Analyses are for US Employment Service’s General Aptitude Test Battery’s (GATB) measure of general mental ability. Findings are summarized from Hunter (Reference Hunter1983) and Hunter et al. (Reference Hunter, Schmidt and Le2006).
k = Number of studies; mean r = sample size weighted mean r; SDr = observed standard deviation of validities; SD ρ = true standard deviation (i.e., standard deviation corrected for statistical artifacts, as indicated in the respective column heading; Mean ρ = operational validity where mean rs are corrected for statistical artifacts, as indicated in the respective column heading. a Job complexity family 2; b job complexity family 1 (most complex); c job complexity family 3; d job complexity family 4; e job complexity family 5 (least complex), f equally weighted data combined from professional and managerial, complex setting up, and technician and skilled jobs; g also criterion unreliability corrected for. h Beatty et al. (Reference Beatty, Barratt, Berry and Sackett2014) indicated their preference for these indirect range restriction corrections: “We conclude that Hunter et al.’s correction should generally be preferred when compared to its common alternative, Thorndike’s Case II correction for direct range restriction” (p. 587).

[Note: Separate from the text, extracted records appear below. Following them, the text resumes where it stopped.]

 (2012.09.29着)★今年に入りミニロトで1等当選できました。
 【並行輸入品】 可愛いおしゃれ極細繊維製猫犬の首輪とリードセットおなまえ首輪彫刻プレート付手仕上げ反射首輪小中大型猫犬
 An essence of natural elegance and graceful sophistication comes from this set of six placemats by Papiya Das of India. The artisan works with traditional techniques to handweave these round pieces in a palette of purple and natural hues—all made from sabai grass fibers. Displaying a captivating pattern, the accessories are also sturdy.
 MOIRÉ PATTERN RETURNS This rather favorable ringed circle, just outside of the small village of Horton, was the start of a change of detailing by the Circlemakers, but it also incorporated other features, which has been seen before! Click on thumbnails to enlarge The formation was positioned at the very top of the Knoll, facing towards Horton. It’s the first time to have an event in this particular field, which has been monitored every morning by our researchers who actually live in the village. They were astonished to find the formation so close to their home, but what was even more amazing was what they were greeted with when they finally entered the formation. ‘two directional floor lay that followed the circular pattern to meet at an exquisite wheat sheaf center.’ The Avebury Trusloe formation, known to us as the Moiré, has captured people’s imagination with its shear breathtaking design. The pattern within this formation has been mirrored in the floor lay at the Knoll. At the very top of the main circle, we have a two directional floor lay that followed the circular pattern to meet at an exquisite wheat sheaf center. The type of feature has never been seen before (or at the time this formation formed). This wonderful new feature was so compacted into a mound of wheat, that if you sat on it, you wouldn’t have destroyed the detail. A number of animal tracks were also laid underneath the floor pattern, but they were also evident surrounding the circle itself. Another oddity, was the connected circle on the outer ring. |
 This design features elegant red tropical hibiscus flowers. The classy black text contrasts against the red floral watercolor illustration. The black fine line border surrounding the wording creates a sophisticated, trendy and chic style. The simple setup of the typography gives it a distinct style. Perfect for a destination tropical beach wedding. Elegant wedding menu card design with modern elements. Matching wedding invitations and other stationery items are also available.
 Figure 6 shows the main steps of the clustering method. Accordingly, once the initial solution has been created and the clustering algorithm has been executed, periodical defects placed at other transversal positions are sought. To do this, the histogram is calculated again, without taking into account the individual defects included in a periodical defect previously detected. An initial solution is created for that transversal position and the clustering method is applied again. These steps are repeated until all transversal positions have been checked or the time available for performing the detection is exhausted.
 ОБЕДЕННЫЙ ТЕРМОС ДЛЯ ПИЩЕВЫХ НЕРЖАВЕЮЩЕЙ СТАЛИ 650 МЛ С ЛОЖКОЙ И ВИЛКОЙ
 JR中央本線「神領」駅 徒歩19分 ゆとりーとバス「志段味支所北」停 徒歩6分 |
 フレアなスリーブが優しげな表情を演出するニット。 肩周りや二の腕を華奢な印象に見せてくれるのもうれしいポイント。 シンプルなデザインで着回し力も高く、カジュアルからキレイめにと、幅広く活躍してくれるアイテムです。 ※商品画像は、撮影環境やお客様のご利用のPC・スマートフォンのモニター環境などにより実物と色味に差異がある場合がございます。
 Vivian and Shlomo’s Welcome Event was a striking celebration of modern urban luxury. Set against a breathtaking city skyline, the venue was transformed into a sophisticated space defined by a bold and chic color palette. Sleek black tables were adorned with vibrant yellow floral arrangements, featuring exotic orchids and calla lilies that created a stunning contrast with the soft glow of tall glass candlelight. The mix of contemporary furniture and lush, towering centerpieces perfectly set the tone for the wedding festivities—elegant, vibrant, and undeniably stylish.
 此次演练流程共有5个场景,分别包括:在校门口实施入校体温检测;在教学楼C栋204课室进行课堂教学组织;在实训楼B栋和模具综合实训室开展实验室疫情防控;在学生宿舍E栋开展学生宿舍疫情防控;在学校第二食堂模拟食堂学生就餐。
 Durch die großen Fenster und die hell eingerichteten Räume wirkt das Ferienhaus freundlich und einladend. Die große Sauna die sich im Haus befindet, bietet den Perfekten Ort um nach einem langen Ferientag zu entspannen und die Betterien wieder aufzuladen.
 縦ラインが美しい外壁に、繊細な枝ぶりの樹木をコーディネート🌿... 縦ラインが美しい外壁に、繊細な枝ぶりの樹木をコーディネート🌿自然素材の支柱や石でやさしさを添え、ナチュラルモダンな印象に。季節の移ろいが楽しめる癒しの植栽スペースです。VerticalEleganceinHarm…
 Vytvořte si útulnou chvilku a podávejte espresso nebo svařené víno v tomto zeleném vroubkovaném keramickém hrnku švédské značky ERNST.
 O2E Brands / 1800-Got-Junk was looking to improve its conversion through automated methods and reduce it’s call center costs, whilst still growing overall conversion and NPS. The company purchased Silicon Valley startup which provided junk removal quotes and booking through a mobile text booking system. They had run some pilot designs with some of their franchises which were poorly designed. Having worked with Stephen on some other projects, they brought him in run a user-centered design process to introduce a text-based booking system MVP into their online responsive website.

Sackett et al., maintain that conservative estimates of operational validity are prudent. In this they may not be alone. However, we restate what we have previously written about conservative estimates in another context: “Many researchers maintain that being conservative is good science, but conservative estimates are by definition biased estimates. We believe it is more appropriate to aim for unbiased estimates because the research goal is to maximize the accuracy of the final estimates” (Viswesvaran et al., Reference Viswesvaran, Ones and Schmidt1996, p. 567). Science and evidence-based practice both require accuracy. Research and applied practice should aim for accuracy by considering the entirety of empirical evidence surrounding each predictor and appropriately correcting for range restriction. The reports of our best predictors’ demise are greatly exaggerated.